▶ **Data segment**:
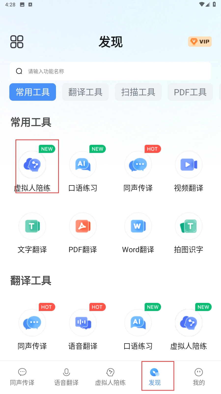 2、点击底部的【发现】功能按钮,进入发现页面后,找到并点击【虚拟人陪练】的功能图标。
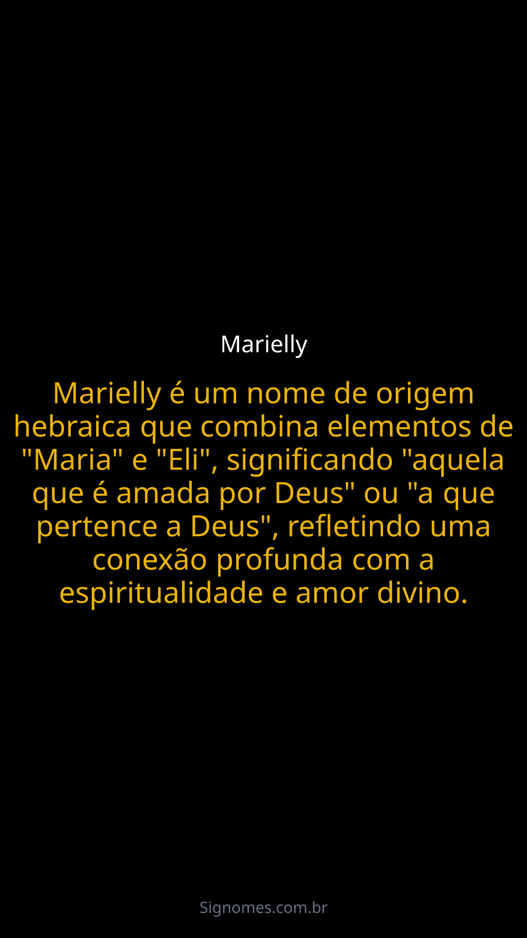 Marielly é um nome de origem hebraica que combina elementos de "Maria" e "Eli", significando "aquela que é amada por Deus" ou "a que pertence a Deus", refletindo uma conexão profunda com a espiritualidade e amor divino.
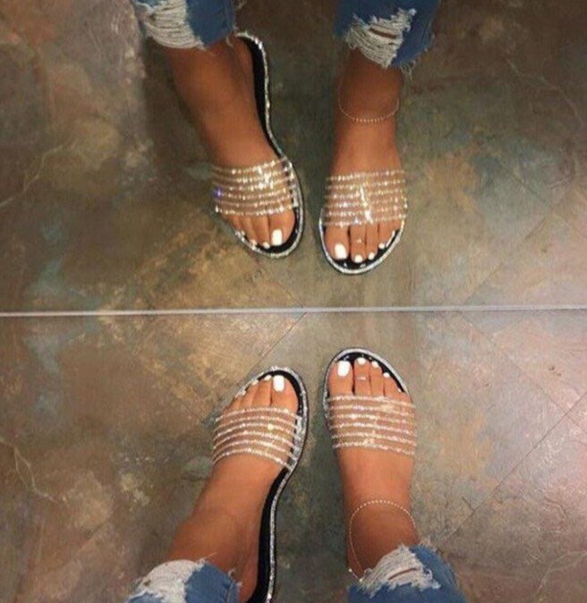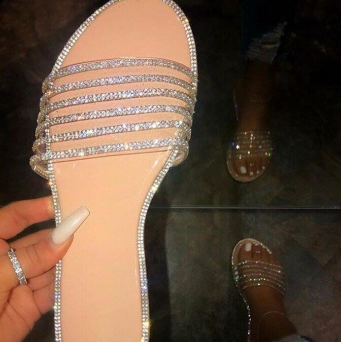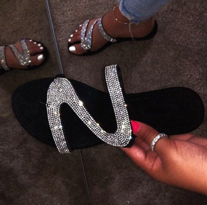 Qengg New Women's Slippers Fashion Rhinestone Home Flat Sandals Outdoor Snake Pattern Multicolor Comfortable Flip Flops Chinelo Casa

▶ **Aim of the task**:
Go through the material and set it down again exactly, but without any pictures.

▶ **Expected answer**:
 2、点击底部的【发现】功能按钮,进入发现页面后,找到并点击【虚拟人陪练】的功能图标。
 Marielly é um nome de origem hebraica que combina elementos de "Maria" e "Eli", significando "aquela que é amada por Deus" ou "a que pertence a Deus", refletindo uma conexão profunda com a espiritualidade e amor divino.
 Qengg New Women's Slippers Fashion Rhinestone Home Flat Sandals Outdoor Snake Pattern Multicolor Comfortable Flip Flops Chinelo Casa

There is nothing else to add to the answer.